* _What is being asked_
What you return must be the exact lines of the material below, from the first through the one that has "Bibliothèque enfant avec", with no pictures and, please, nothing else.
--- Source data Enclosed Below ---
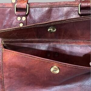 Note: This timeless leather tote bag boasts a rich burgundy tone and rugged patina for a well-worn, vintage aesthetic. The green interior lining adds a unique contrast. Ideal for everyday use or as a work bag. Please review all photos carefully, as lighting may affect color appearance.
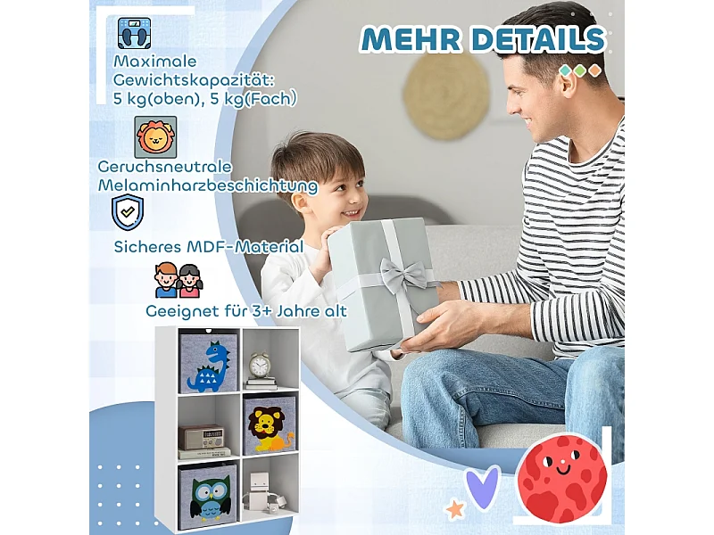 Bibliothèque enfant avec 3 boîtes de rangement, étagères, en MDF, blanc et gris (61.8x29.9x91.5 cm)
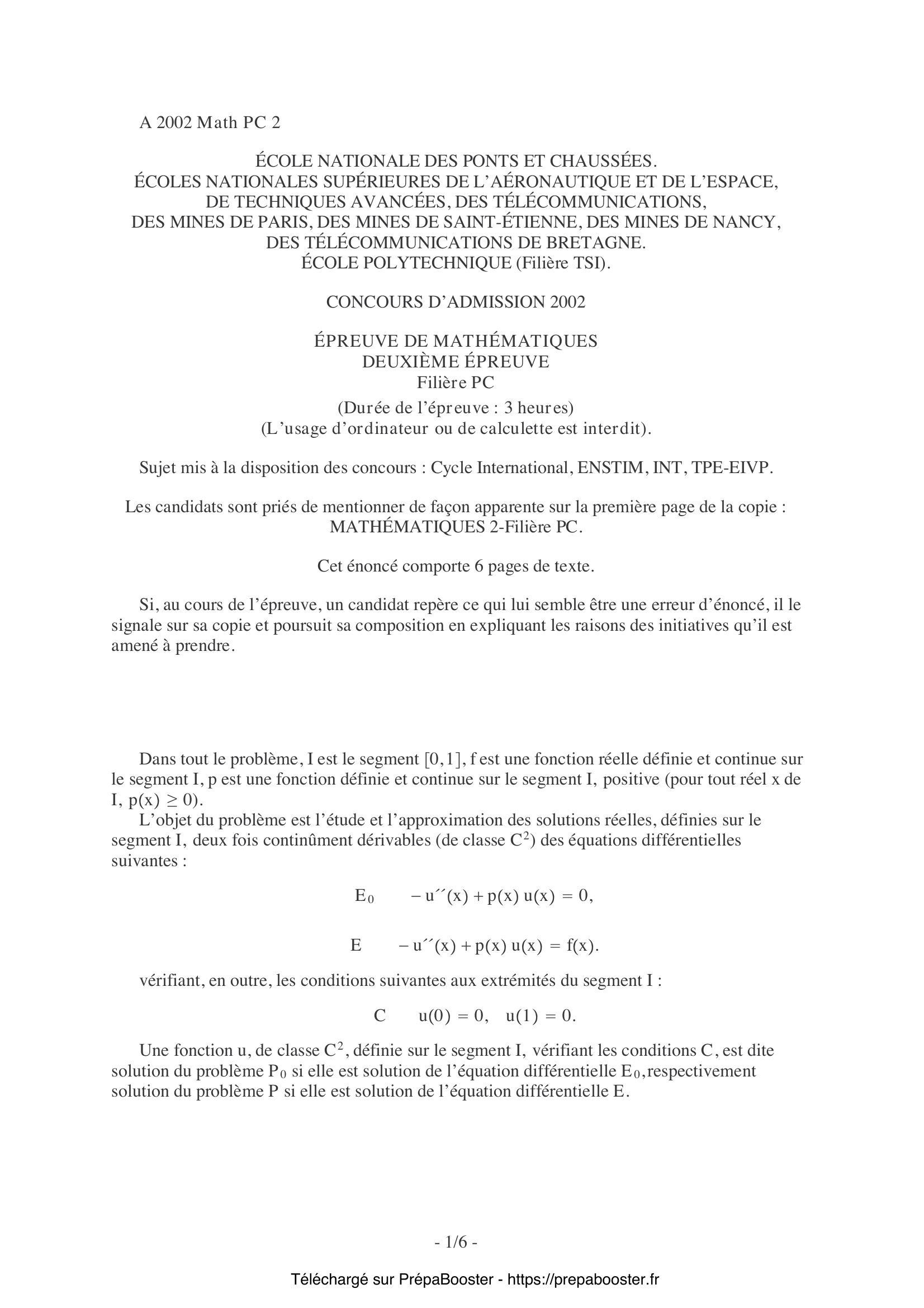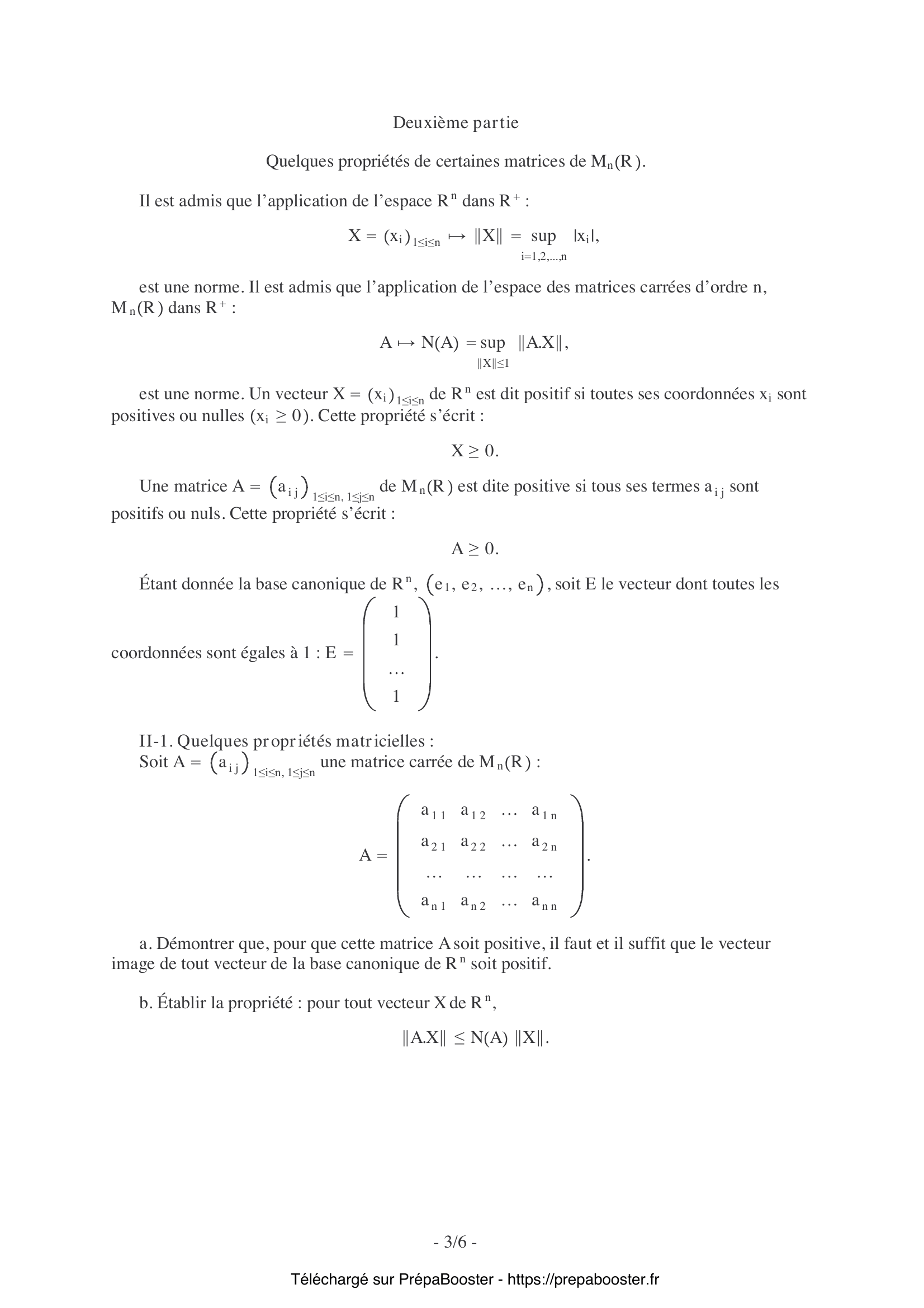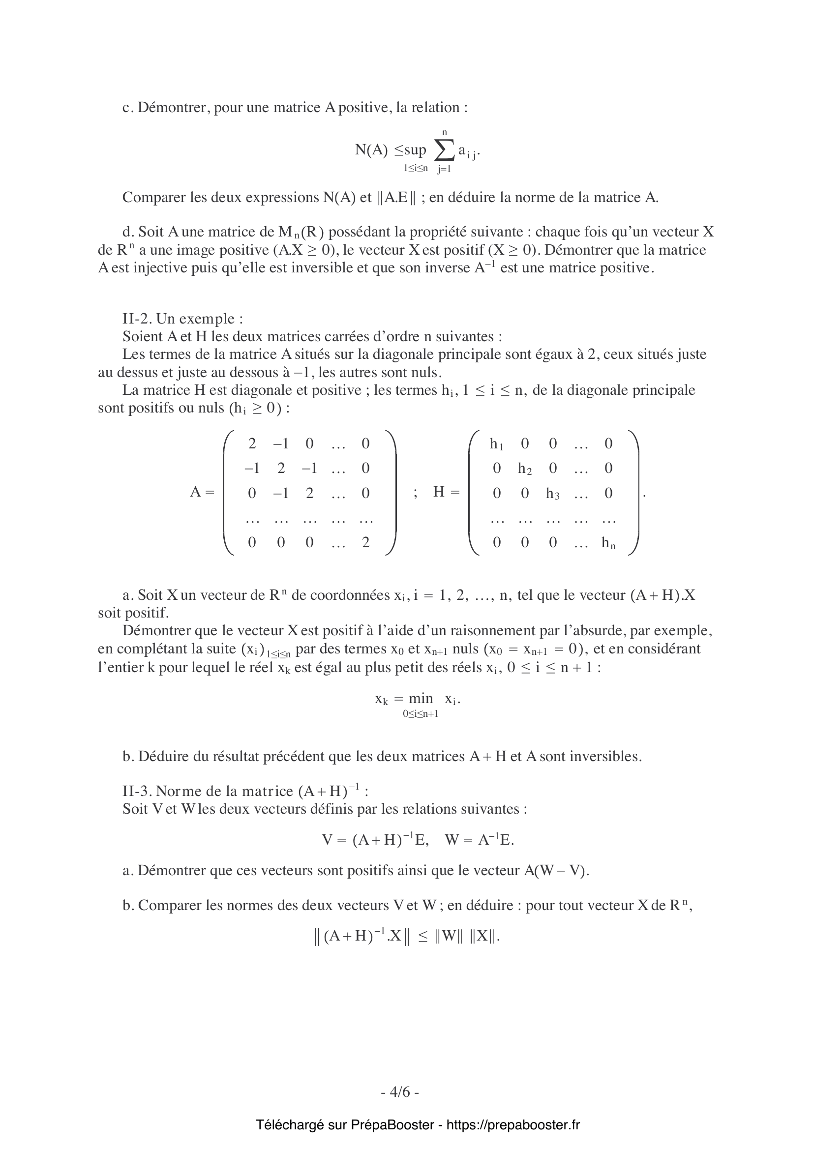 1. I-1. Exemples :\\ Déterminer toutes les solutions de l’équation différentielle E vérifiant les conditions C dans les deux cas suivants :\\ a. La fonction $p$ est nulle et la fonction $f$ constante et égale à 1 :\\ $p(x) = 0$, $f(x) = 1$.\\ b. La fonction $p$ est constante et égale à 1 ; la fonction $f$ est la fonction $x \mapsto e^{\alpha x}$ où $\alpha$ est un réel donné :\\ $p(x) = 1$, $f(x) = e^{\alpha x}$. 2. I-2. Unicité des solutions :\\ a. Soit $u$ une fonction solution de l’équation $E_0$ vérifiant les conditions $C$ ; démontrer que cette solution $u$ vérifie la relation :\\ \[ \int_0^1 u'(x)^2 + p(x) u(x)^2 \, dx = 0. \] En déduire que la seule solution du problème $P_0$ est la solution nulle.\\ b. Démontrer que, pour des fonctions $p$ et $f$ données, il existe, au plus, une solution du problème $P$. 3. I-3. Existence d’une solution :\\ a. Étant données deux fonctions $u_1$ et $u_2$ solutions de l’équation différentielle $E_0$, soit $g$ la fonction définie sur l’intervalle $I$ par la relation suivante :\\ $g(x) = u_1(0) u_2(x) – u_2(0) u_1(x)$.\\ Démontrer que, si la fonction $g$ s’annulle au point 1 ($g(1) = 0$), la fonction $g$ est nulle sur l’intervalle $I$.\\ En déduire une condition nécessaire et suffisante sur les deux solutions $u_1$ et $u_2$ pour que la fonction $g$ ne s’annulle pas en 1 ($g(1) \ne 0$).\\ Soient $u_1$ et $u_2$ deux solutions de l’équation différentielle $E_0$, $v$ une solution de l’équation $E$ et $\alpha$ et $\beta$ deux scalaires. Soit $u$ et $X$ la fonction et le vecteur définis par les relations suivantes :\\ $u(x) = \alpha u_1(x) + \beta u_2(x) + v(x)$ ; $X = (\alpha,\,\beta)^T$. 4. I-3.b. Démontrer que, pour que la fonction $u$ soit solution du problème $P$, il faut et il suffit que le vecteur $X$ vérifie la relation matricielle suivante :\\ $U.X = B,$\\ où $U$ est une matrice carrée d’ordre $2$ et $B$ un vecteur qui seront précisés. 5. I-3.c. Démontrer que le problème $P$ admet une solution unique.} 6. II-1. Quelques propriétés matricielles :\\ Soit $A = (a_{ij})_{1 \leq i \leq n,\, 1 \leq j \leq n}$ une matrice carrée de $\mathcal{M}_n(\mathbb{R})$ :\\ a. Démontrer que, pour que cette matrice $A$ soit positive, il faut et il suffit que le vecteur image de tout vecteur de la base canonique de $\mathbb{R}^n$ soit positif.\\ b. Établir la propriété : pour tout vecteur $X$ de $\mathbb{R}^n$,\\ \[ |A.X| \leq N(A)\,|X|. \] 7. II-1.c. Démontrer, pour une matrice $A$ positive, la relation :\\ \[ N(A) = \max_{1 \leq i \leq n}\, \sum_{j=1}^n a_{ij}. \] Comparer les deux expressions $N(A)$ et $A \cdot E$ ; en déduire la norme de la matrice $A$. 8. II-1.d. Soit $A$ une matrice de $\mathcal{M}_n(\mathbb{R})$ possédant la propriété suivante : chaque fois qu’un vecteur $X$ de $\mathbb{R}^n$ a une image positive ($A.X \geq 0$), le vecteur $X$ est positif ($X \geq 0$). Démontrer que la matrice $A$ est injective puis qu’elle est inversible et que son inverse $A^{-1}$ est une matrice positive. 9. II-2. Un exemple :\\ Soient $A$ et $H$ les deux matrices carrées d’ordre $n$ suivantes :\\ Les termes de la matrice $A$ situés sur la diagonale principale sont égaux à $2$, ceux situés juste au-dessus et juste au-dessous à $1$, les autres sont nuls.\\ La matrice $H$ est diagonale et positive ; les termes $h_i$, $1 \leq i \leq n$, de la diagonale principale sont positifs ou nuls $h_i \geq 0$ : \[ A = \begin{pmatrix} 2 & 1 & 0 & \cdots & 0 \\ 1 & 2 & 1 & \cdots & 0 \\ 0 & 1 & 2 & \cdots & 0 \\ \vdots & \vdots & \vdots & \ddots & \vdots \\ 0 & 0 & 0 & \cdots & 2 \\ \end{pmatrix} \quad H = \begin{pmatrix} h_1 & 0 & \cdots & 0 \\ 0 & h_2 & \cdots & 0 \\ 0 & 0 & \cdots & 0 \\ 0 & 0 & \cdots & h_n \\ \end{pmatrix} \] a. Soit $X$ un vecteur de $\mathbb{R}^n$ de coordonnées $x_i$, $i=1,2,\ldots,n$, tel que le vecteur $(A + H).X$ soit positif.\\ Démontrer que le vecteur $X$ est positif à l’aide d’un raisonnement par l’absurde, par exemple, en complétant la suite $x_i\, (1 \leq i \leq n)$ par des termes $x_0$ et $x_{n+1}$ nuls ($x_0 = x_{n+1} = 0)$, et en considérant l’entier $k$ pour lequel le réel $x_k$ est égal au plus petit des réels $x_i$, $0 \leq i \leq n + 1$ :\\ $x_k = \min_{0 \leq i \leq n+1} x_i$. 10. II-2.b. Déduire du résultat précédent que les deux matrices $A + H$ et $A$ sont inversibles.} 11. II-3. Norme de la matrice $(A + H)^{-1}$ :\\ Soient $V$ et $W$ les deux vecteurs définis par les relations suivantes :\\ $V = (A + H)^{-1} E$, $W = A^{-1} E$.\\ a. Démontrer que ces vecteurs sont positifs ainsi que le vecteur $AW – V$.\\ b. Comparer les normes des deux vecteurs $V$ et $W$ ; en déduire : pour tout vecteur $X$ de $\mathbb{R}^n$,\\ \[ |(A + H)^{-1} X| \leq ||W||\, |X|. \] 12. II-4. Une majoration de la norme du vecteur $W$ :\\ Soit $\mathcal{S}$ l’ensemble des suites réelles infinies $(x_k)_{k \geq 0}$ vérifiant, pour $k \geq 0$, la relation de récurrence suivante : \[ x_{k+1} – 2\,x_k + x_{k-1} = 1. \] Soit $\mathcal{S}_0$ l’ensemble des suites réelles $(x_k)_{k \geq 0}$ vérifiant, pour $k \geq 0$, la relation de récurrence suivante : \[ x_{k+1} – 2\,x_k + x_{k-1} = 0. \] a. Déterminer les suites qui appartiennent à l’espace $\mathcal{S}_0$.\\ b. Déterminer une suite $y_k$ appartenant à l’espace $\mathcal{S}$ qui soit un monome du deuxième degré : $y_k = a k^2$.\\ c. Déterminer les suites qui appartiennent à l’espace $\mathcal{S}$ ; en particulier celles qui vérifient les deux conditions suivantes : $x_0 = 0,\, x_{n+1} = 0$.\\ d. Déterminer les coordonnées du vecteur $W = A^{-1}E$ ; en déduire que la norme de ce vecteur vérifie l’inégalité suivante : \[ ||W|| \leq \frac{1}{8} (n+1)^2. \]} 13. III-1. Une approximation de la dérivée seconde :\\ Soit $u$ une fonction quatre fois continûment dérivable sur le segment $I$. Soit $M$ le maximum de la valeur absolue de la dérivée quatrième : \[ M = \sup_{x \in I} |
--- End of Enclosed Source data ---
* _Solution to this problem_
 Note: This timeless leather tote bag boasts a rich burgundy tone and rugged patina for a well-worn, vintage aesthetic. The green interior lining adds a unique contrast. Ideal for everyday use or as a work bag. Please review all photos carefully, as lighting may affect color appearance.
 Bibliothèque enfant avec 3 boîtes de rangement, étagères, en MDF, blanc et gris (61.8x29.9x91.5 cm)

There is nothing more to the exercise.